# [RECORDS FOR PROCESSING]
════
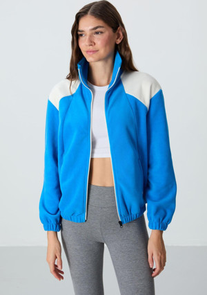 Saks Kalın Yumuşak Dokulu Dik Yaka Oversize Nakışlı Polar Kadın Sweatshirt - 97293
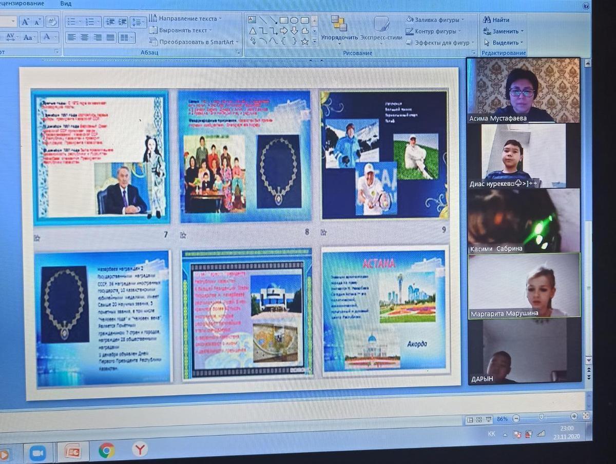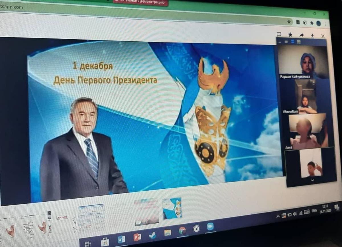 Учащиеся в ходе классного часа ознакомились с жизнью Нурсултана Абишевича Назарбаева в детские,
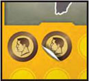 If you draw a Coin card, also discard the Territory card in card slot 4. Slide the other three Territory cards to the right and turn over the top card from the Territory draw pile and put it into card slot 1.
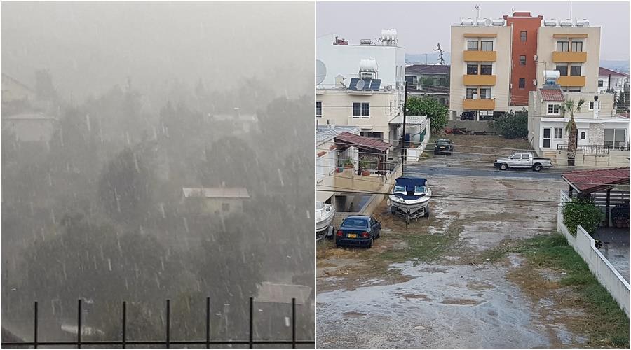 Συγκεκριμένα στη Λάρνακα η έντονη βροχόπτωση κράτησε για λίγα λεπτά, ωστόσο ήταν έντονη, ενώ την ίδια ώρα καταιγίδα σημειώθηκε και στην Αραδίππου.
════
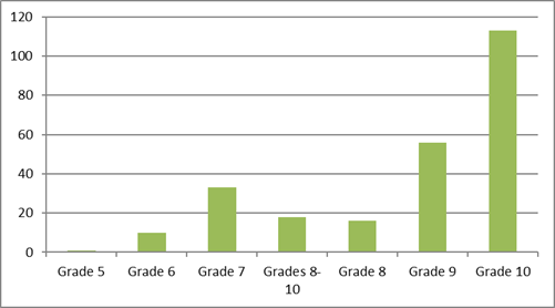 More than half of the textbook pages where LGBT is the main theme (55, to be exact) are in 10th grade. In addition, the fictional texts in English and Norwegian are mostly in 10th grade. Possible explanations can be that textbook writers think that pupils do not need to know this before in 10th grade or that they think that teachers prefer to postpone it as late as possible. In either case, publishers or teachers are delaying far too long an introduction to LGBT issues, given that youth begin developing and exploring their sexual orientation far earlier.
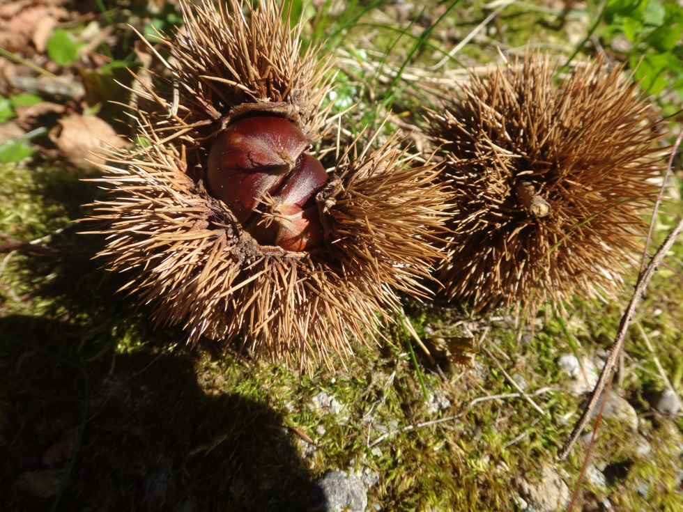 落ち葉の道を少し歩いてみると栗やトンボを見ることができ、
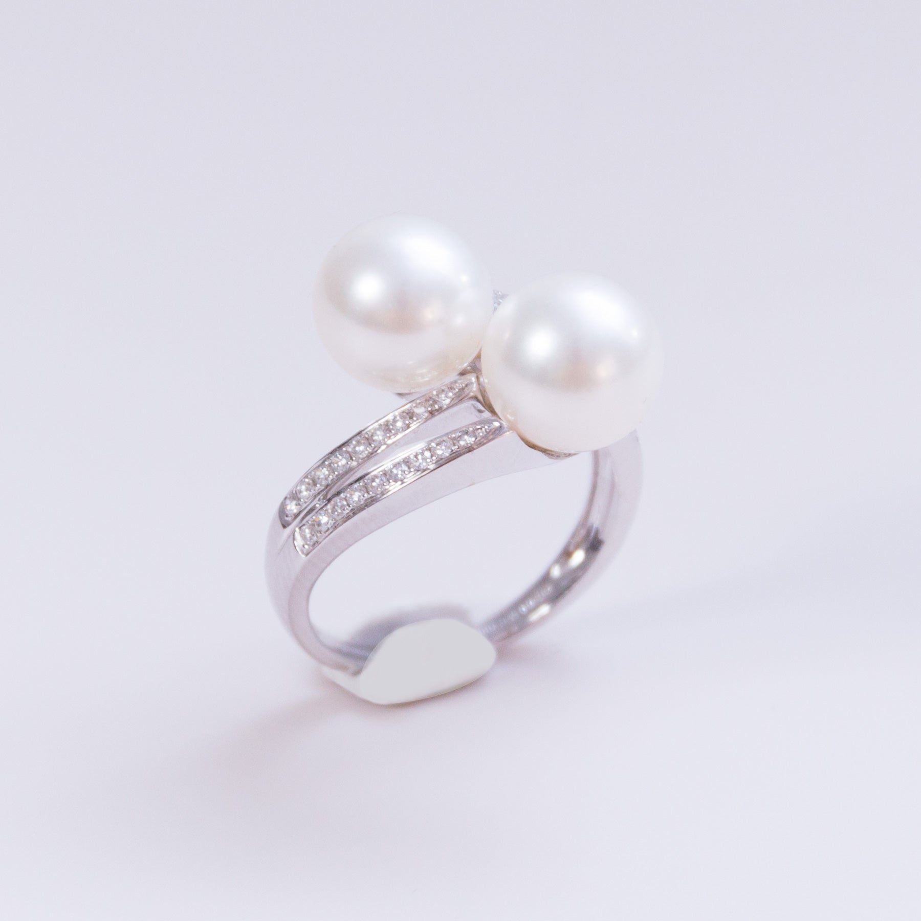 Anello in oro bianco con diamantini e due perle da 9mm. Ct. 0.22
════
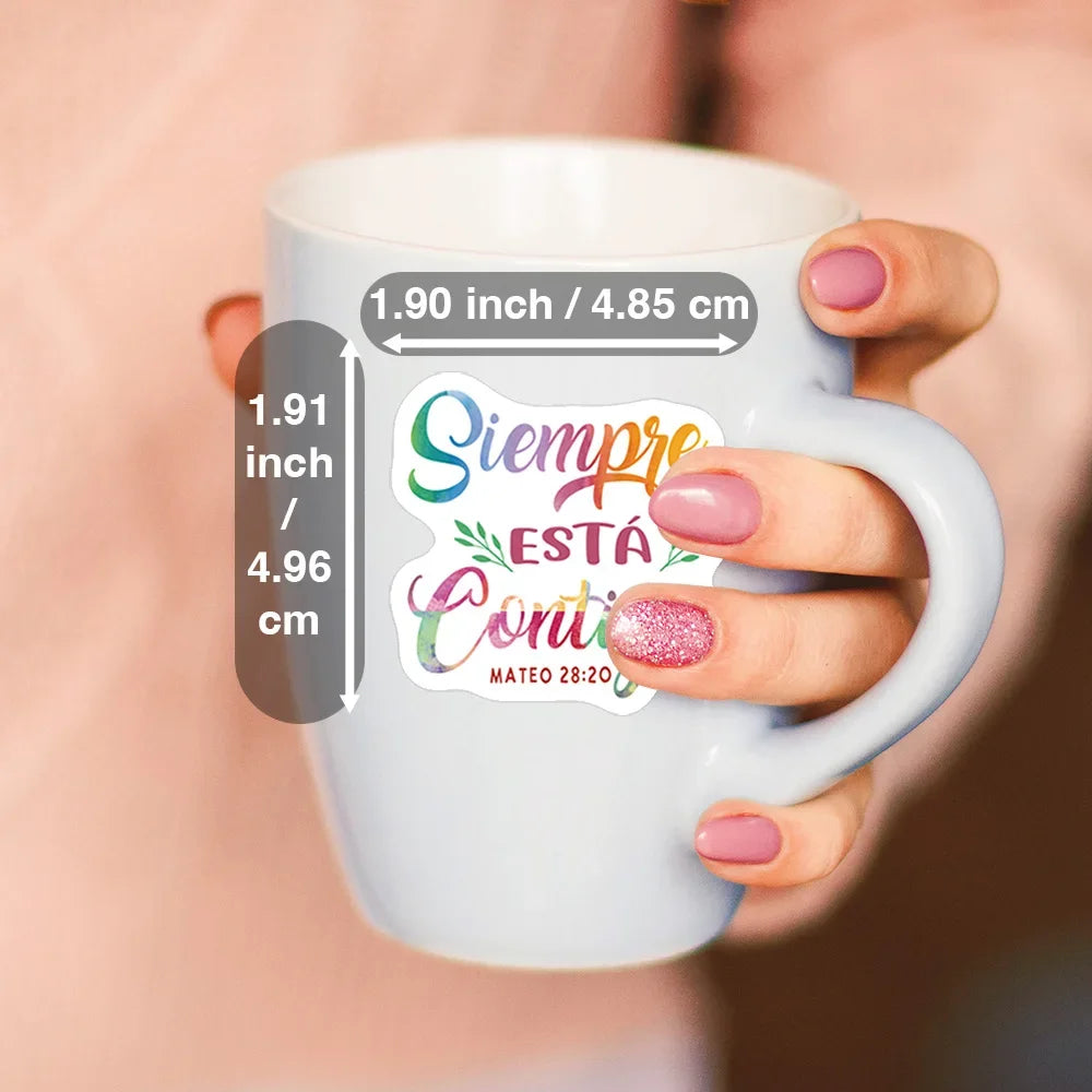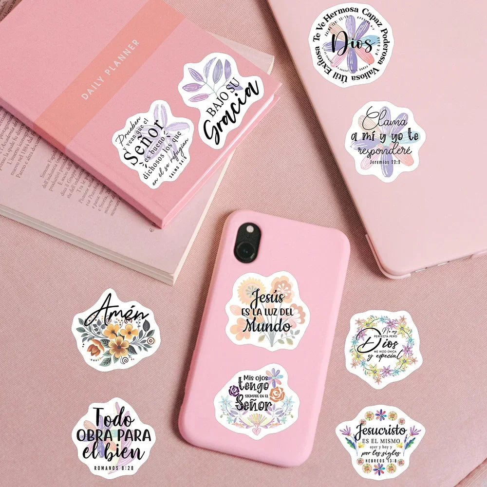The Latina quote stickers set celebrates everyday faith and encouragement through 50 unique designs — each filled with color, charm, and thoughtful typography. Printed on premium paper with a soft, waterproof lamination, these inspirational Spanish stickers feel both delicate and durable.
════
# [PROBLEM]
Nothing but the lines above, starting at the line that contains "Учащиеся в ходе" and ending at the line that contains "If you draw", should be given again, exactly and without the pictures.

# [ANSWER SPACE]
 Учащиеся в ходе классного часа ознакомились с жизнью Нурсултана Абишевича Назарбаева в детские,
 If you draw a Coin card, also discard the Territory card in card slot 4. Slide the other three Territory cards to the right and turn over the top card from the Territory draw pile and put it into card slot 1.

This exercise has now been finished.